Current Projects

Computational modeling of turbulent reacting spray flows

  • Unburned hydrocarbon (UHC) emissions under low-temperature combustion (LTC) operating conditions are linked to the end-of-injection transient in diesel injectors and the impact of this transient on the combustion of near-nozzle mixtures.
  • Studied the combustion behavior after the end of injection to resolve “combustion recession” phenomenon that affects the emission of soot and unburned hydrocarbons in diesel engine.
  • Investigated the role of low-temperature chemistry in different reduced chemistry mechanism for diesel fuel surrogates in predicting combustion recession.


Computational & experimental study of  nucleation at near-critical conditions

  • The supercritical carbon dioxide Brayton cycle seeks to combine the primary advantages of the ideal Brayton Cycle by utilizing CO2 above its critical pressure.

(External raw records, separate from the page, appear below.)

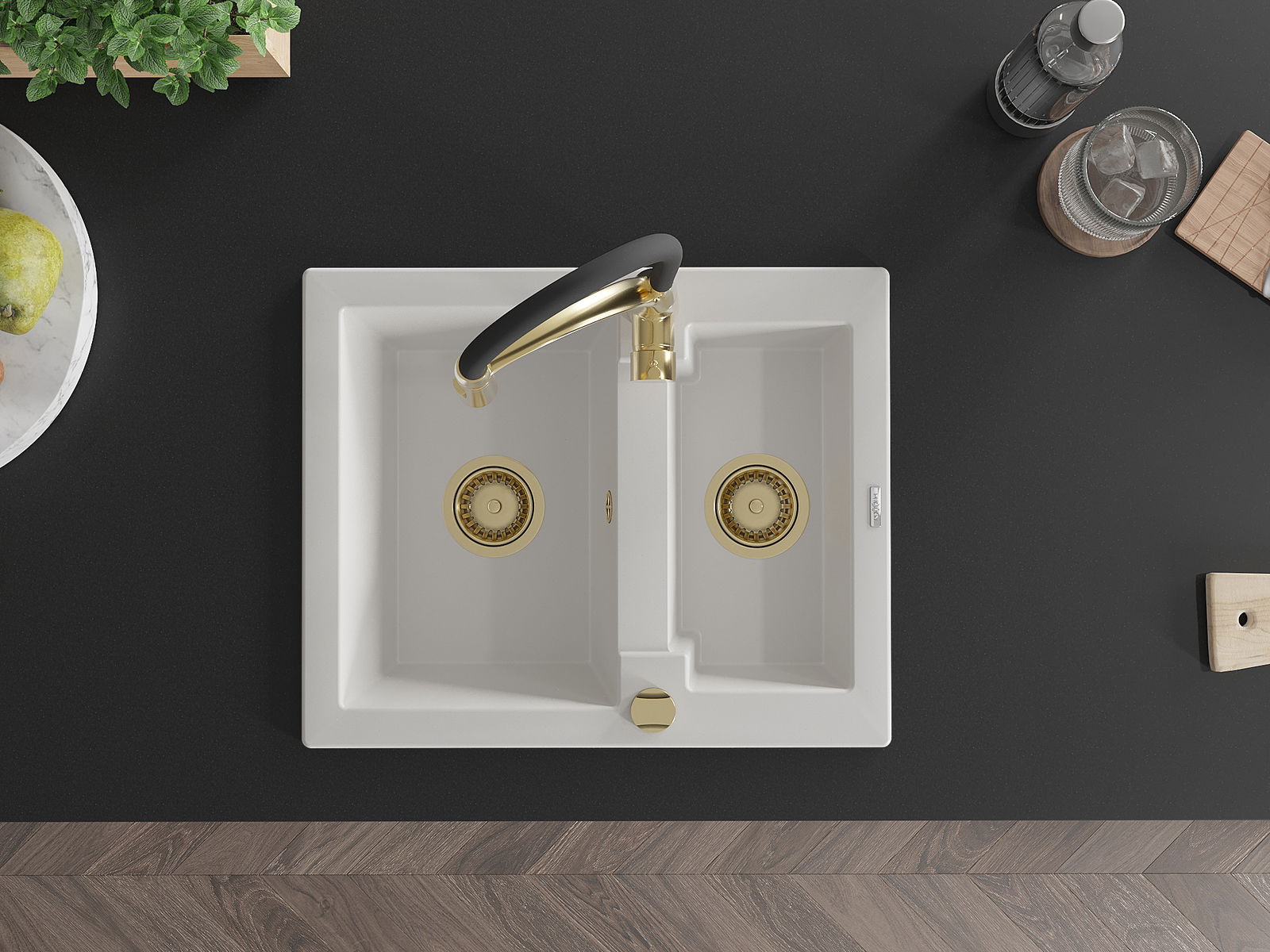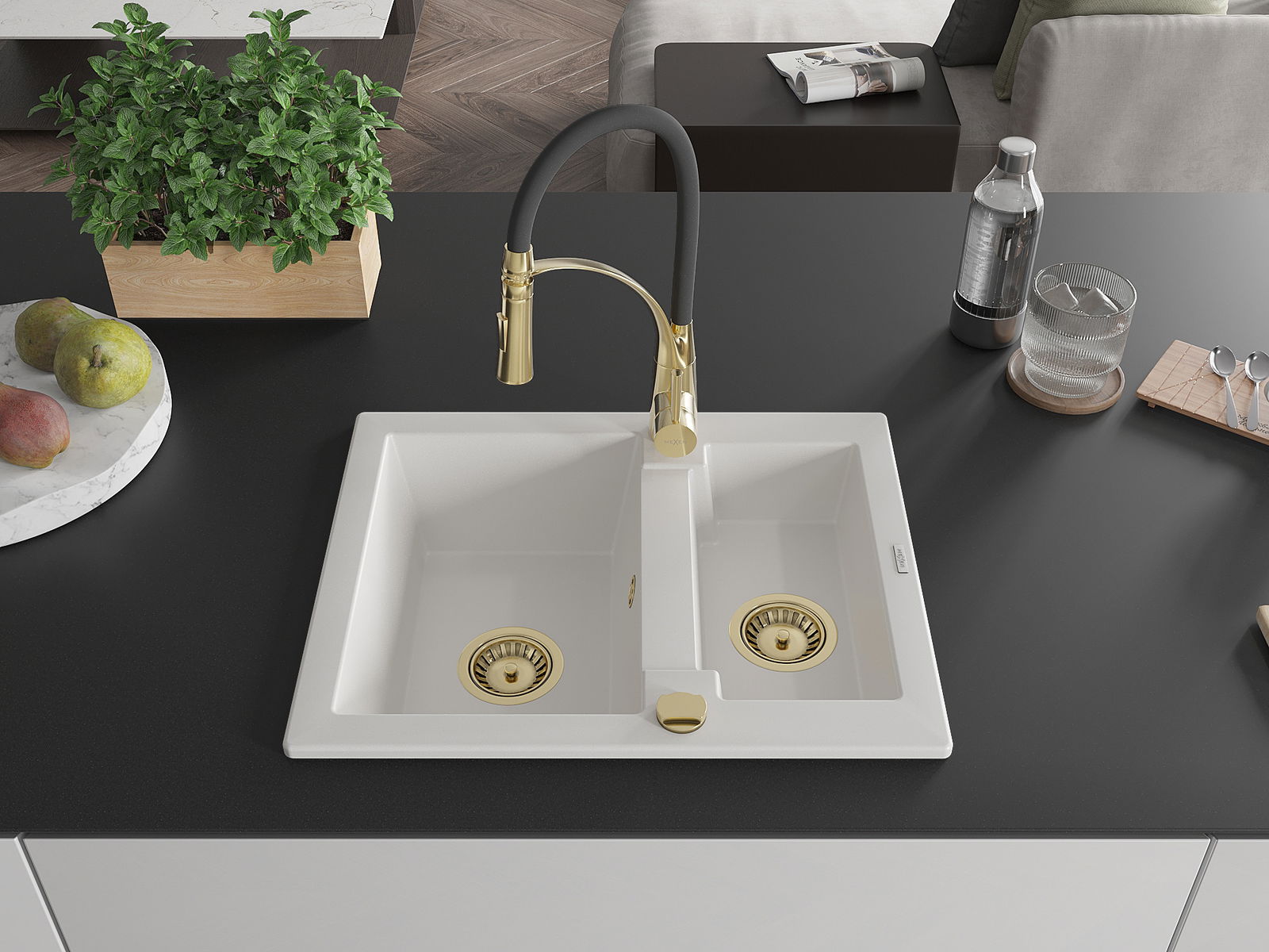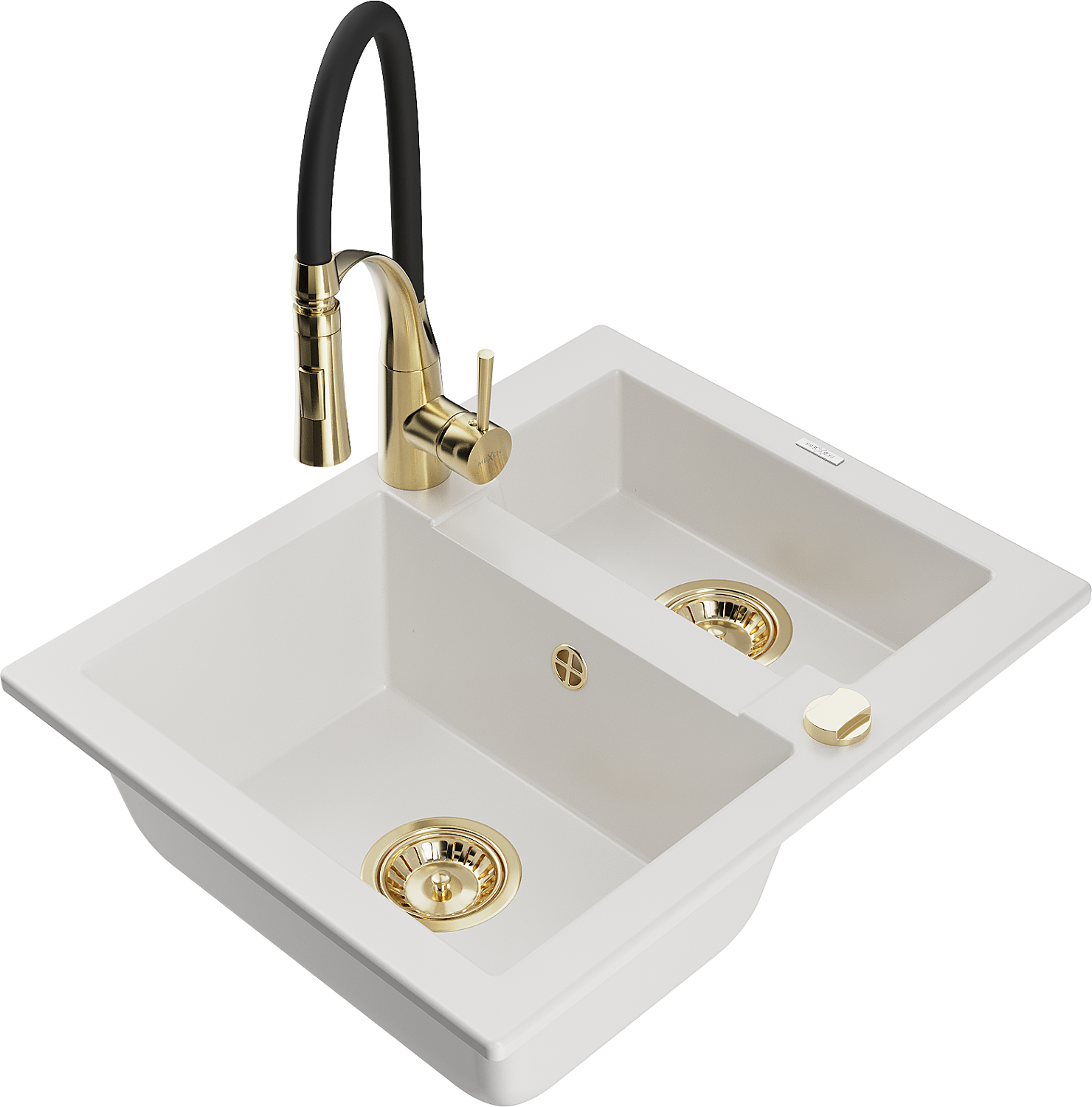 Mexen Carlos žulový drez 1,5-komorový s kuchynskou batériou Aster, biely - 6518-20-73450-57-G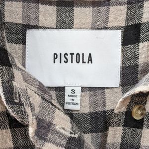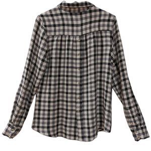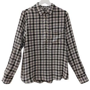 Pistola Women's Cream and Black Plaid Long Sleeve Button Down Shirt size S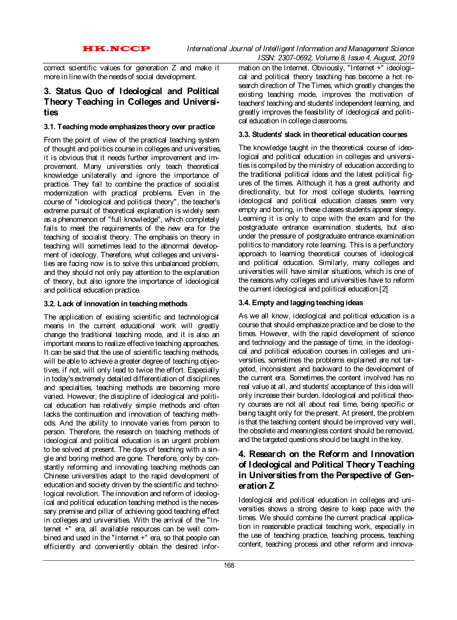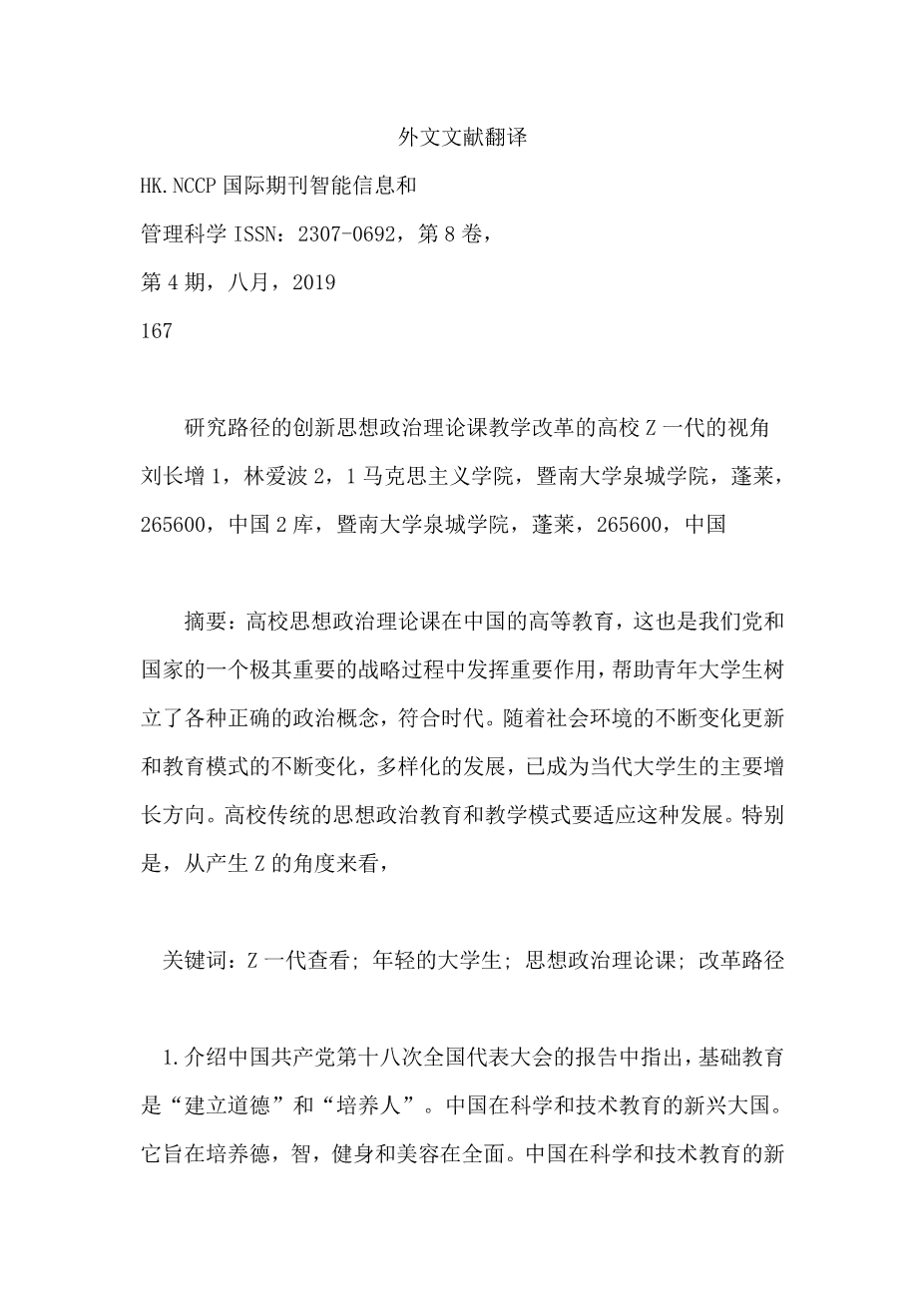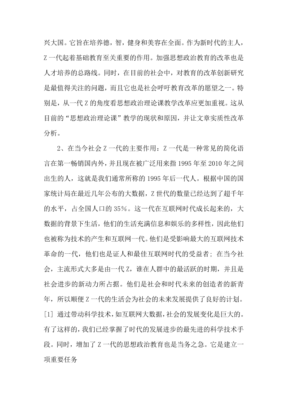 研究路径的创新思想政治理论课教学改革的高校Z一代的视角外文翻译资料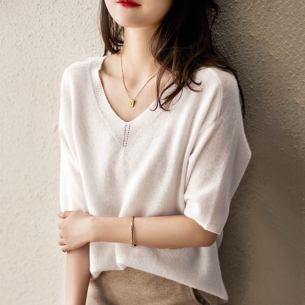 サマーニット 半袖ニット Vネック トップス 半袖 ニット レディース 五分袖 ゆったり

It is expected that due to pressure reduction, nucleation occurs at the end of the turbine blades and at the entrance of the compressor. The impact of the droplets formed due to nucleation with the turbine blades is of serious concern with respect to the operation and the material degradation.
  • Developed a computational set up for simulation of super-critical carbon dioxide nucleation near critical point in Brayton cycles used in supercritical energy cycles.
  • Performing experiments to study the nucleation phenomenon in a venturi system with super-critical carbon dioxide using high-speed camera.


Heat exchanger design and modeling for supercritical energy cycles

  • Printed Circuit Heat Exchanger (PCHE) design is one of the areas where the properties of s-CO2 pose many challenges yet could yield the greatest advantages for heat transfer between high-temperature fluids e.g., natural gas combustion products; molten salts and s-CO2 for electrical energy conversion in simple cycle gas turbines or in concentrated solar power systems (CSP).
  • Developed a computational set up for simulation of fluid/ solid interaction in printed circuit heat exchangers (PCHE) with super-critical carbon dioxide and molten halides as fluids, applicable to various designs and PCHE material in concentrated solar power (CSP) and nuclear systems.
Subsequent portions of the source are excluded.